While machine learning algorithms offer great promise for improving healthcare outcomes in The Gambia, there are also challenges and considerations that must be addressed. In the next section, we will explore some of these challenges and discuss ways to address them.
One key challenge is the availability and quality of data. Machine learning algorithms rely on large amounts of data to identify patterns and relationships, but in some cases, such data may be limited or of poor quality. In The Gambia, there may be challenges with data collection and management, which can impact the effectiveness of machine learning algorithms.
Another challenge is the potential for bias in machine learning algorithms.
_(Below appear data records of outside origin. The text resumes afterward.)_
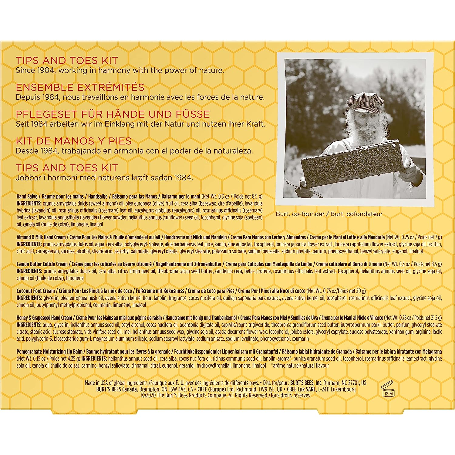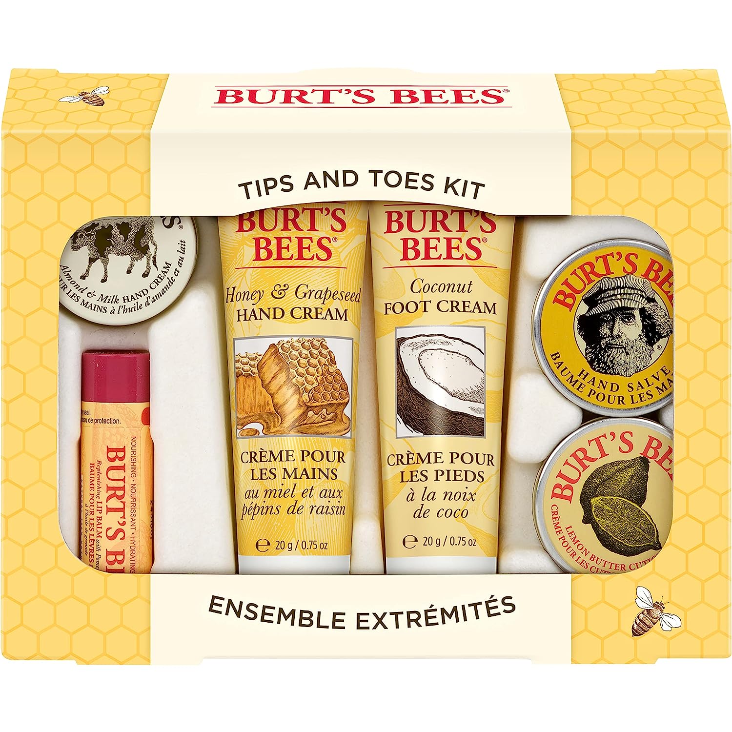 Pamper hands and feet with Burts Bees tips and toes gift Set which includes 5 trial Size hand and foot favorites, plus a Pomegranate lip balm. Almond and milk hand cream, Honey and grape Seed hand cream, and hand Salve moisturize dry hands, while lemon Butter Cuticle Cream softens cuticles and nourishes nails. Feet also get Spoiled with rejuvenating coconut foot cream, and you can Kiss dry lips goodbye, and add a hint of color, with revitalizing pomegranate lip balm. This Burts Bees tips and toes kit provides serious softening and hydrating for dry skin, and makes the perfect birthday or holiday present. Plus, the sweet packaging is designed to be gift ready so you can skip the wrapping. Give the gift of nourishment with Burts Bees gift Sets.
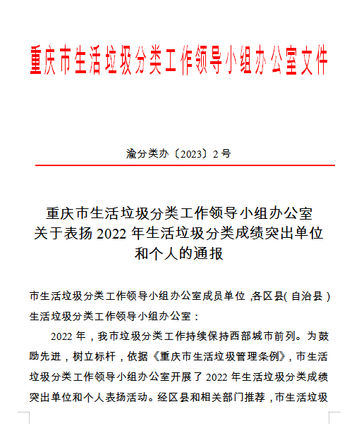 近日,市生活垃圾分类工作领导小组办公室开展了2022年生活垃圾分类成绩突出单位和个人表扬活动,小艾电竞社区 获评重庆市2022年生活垃圾分类成绩突出单位。
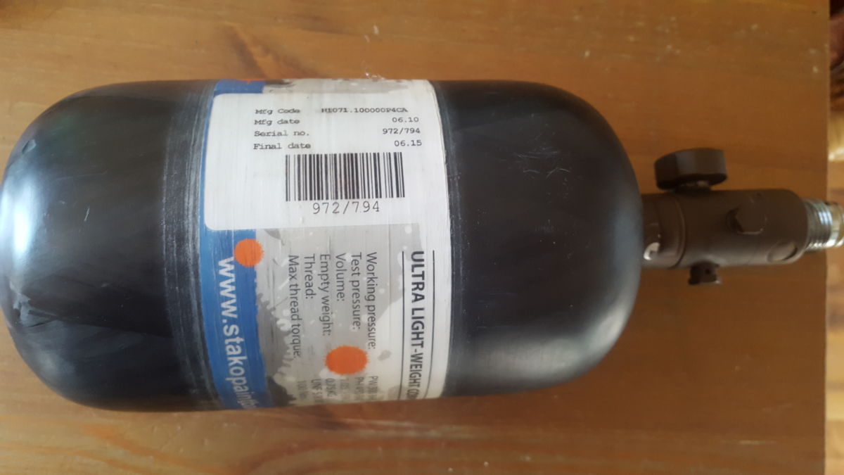 Biete ultra light weight 300bar, 1,1Liter CO² Carbon Flasche von STAKO nur 750gr. leicht
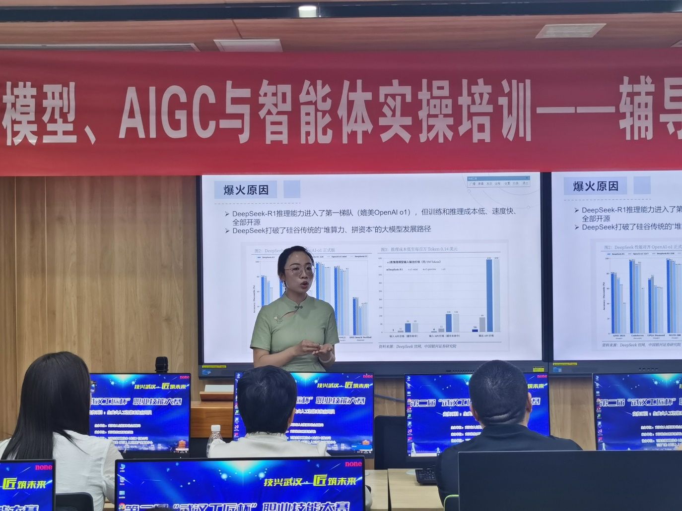 活动中,吴梦婷老师围绕大模型、AIGC与智能体三大核心板块,为辅导员们带来了一场兼具理论深度与实操价值的知识盛宴。在大模型部分,吴老师系统介绍了当前市场上主流的大模型,重点讲解了DeepSeek的使用方法,并演示了如何巧妙利用多个大模型搭配协作,高效完成PPT制作、excel数据处理等日常办公任务,为辅导员们打开了办公效率提升的新思路。

While algorithms themselves do not have personal experiences or cultural biases, the data used to train them may reflect biases in the healthcare system or society at large. For example, if historical data used to train a machine learning algorithm reflects biases in the diagnosis and treatment of certain groups, the algorithm may perpetuate those biases in its future decision-making.
Finally, it's important to consider the role of healthcare professionals in using machine learning algorithms. Machine learning algorithms can augment the decision-making process, but they should not replace the human expertise and judgment of healthcare professionals. It's important to ensure that healthcare professionals receive training on how to use machine learning algorithms effectively and ethically and that they remain involved in the decision-making process.
The traditional healthcare decision-making process in The Gambia faces several challenges due to limited resources, shortage of healthcare professionals, and cognitive biases and noise in decision-making processes. Machine learning algorithms offer a promising solution to reduce biases and noise in decision-making processes, leading to more consistent and accurate diagnoses and treatment plans. By leveraging large amounts of data, machine learning algorithms can help identify patterns and relationships that may be difficult for humans to detect, leading to improved healthcare outcomes. However, challenges such as the availability and quality of data, the potential for bias in machine learning algorithms, and the importance of involving healthcare professionals in the decision-making process must be addressed.
Despite these challenges, the most prominent potential of using ML algorithms is in helping to close the doctor-patient gap in the country. So instead of only focusing on training more doctors in medical school and they end up leaving the country anyway for greener fields, we can focus on training Machine Learning models to augment doctors, increase both the speed and accuracy of medical diagnosis and eventually lead to better and more affordable health outcomes.
PS: In case you're skeptical of the potential of Machine Learning. Every research where a model is pitched against a doctor, the model always comes on top (accuracy, noiselessness, limited biases, etc.).